At 1:22 PM -0400 5/29/03, Ian Grigg wrote:
The following appears to be a bone fide case of a
threat model in action against the PGP program.

Leaving aside commentary on the pros and cons
within this example, there is a desparate lack of
real experience in how crypto systems are attacked.
IMHO, this leads to some rather poorly chosen
engineering decisions that have shown themselves
to stymie or halt the success of otherwise good
crypto systems.

Does anyone know of a repository for real life
attacks on crypto systems?  Or are we stuck with
theoretical and academic threats when building
new systems?

iang

There is a lot of material from the World War II era (e.g Silk and Cyanide by Leo Marks) and the early cold war (e.g. http://www.nsa.gov/docs/venona/).


Government cryptographic successes are usually highly classified and kept that way for decades.

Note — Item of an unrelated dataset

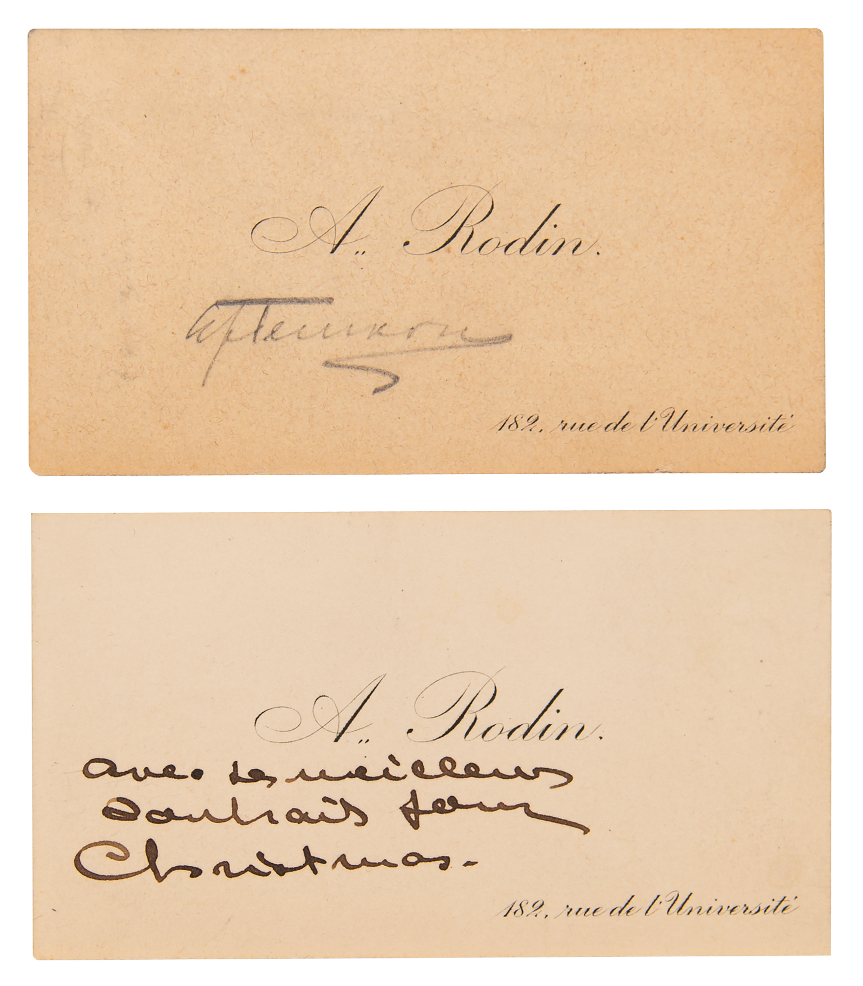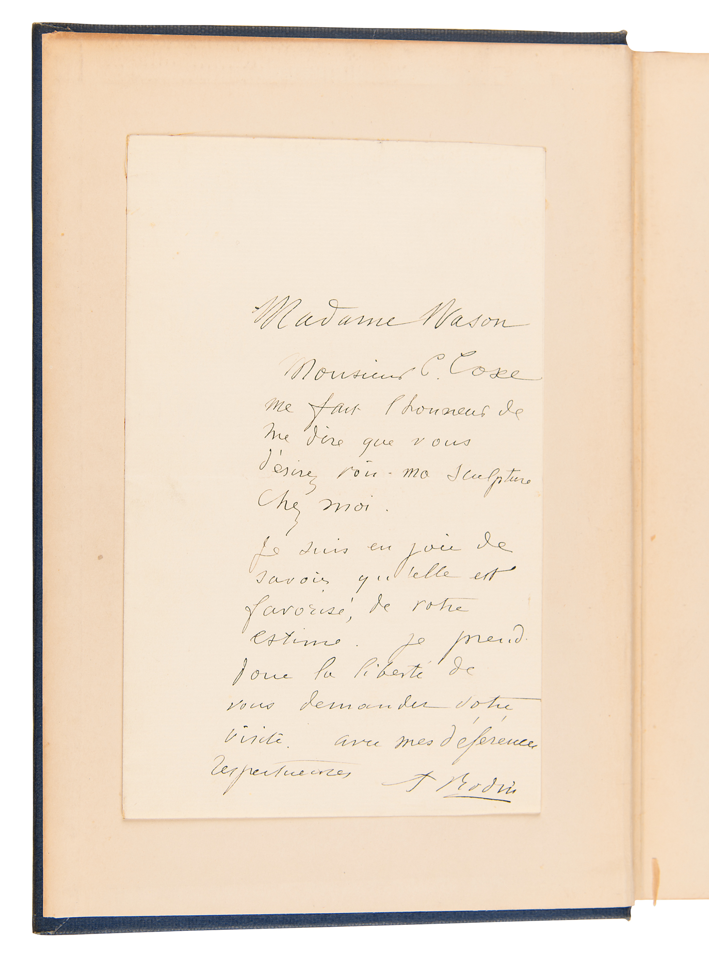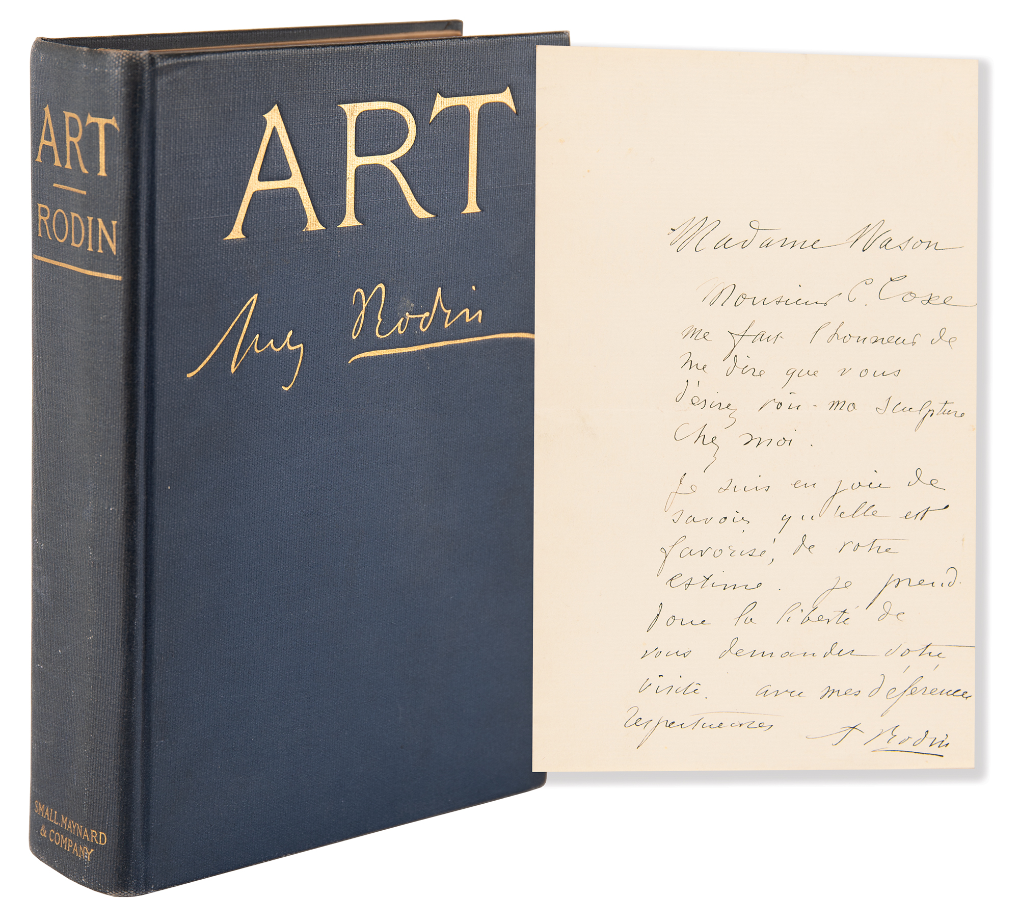 ALS in French, signed “A. Rodin,” one page, 5 x 8, no date. Handwritten letter by Auguste Rodin to "Madame Mason," saying that he has heard that she wishes "to return my sculpture to me." Affixed inside the front cover of a hardcover first edition of Art by Auguste Rodin, published in Boston by Small, Maynard & Company in 1912, 7.25 x 10.5, 259 pages, featuring 106 illustrations of Rodin's works in half-tone and photogravure. Loosely laid in are two of Rodin's personal calling cards, 3.25 x 1.75 imprinted with his name and the address of his studio, "A. Rodin, 182 rue de l'Universite," and annotated in unknown hands. The letter is in fine condition; the book is very good, with the frontispiece photogravure detached but present.

There was one recent story about the FBI's apparent use of a keyboard logger to get a accused organized criminal's password. The latest U.S. Government wiretap report http://www.uscourts.gov/wiretap02/contents.html (they are now required to report on encryption incidents) says: "Encryption was reported to have been encountered in 16 wiretaps terminated in 2002 and in 18 wiretaps terminated in calendar year 2001 or earlier but reported for the first time in 2002; however in none of these case was encryption reported to have prevented law enforcement officials from obtaining the plain text of the communications intercepted." By comparison they reported 1358 intercepts authorized in 2002.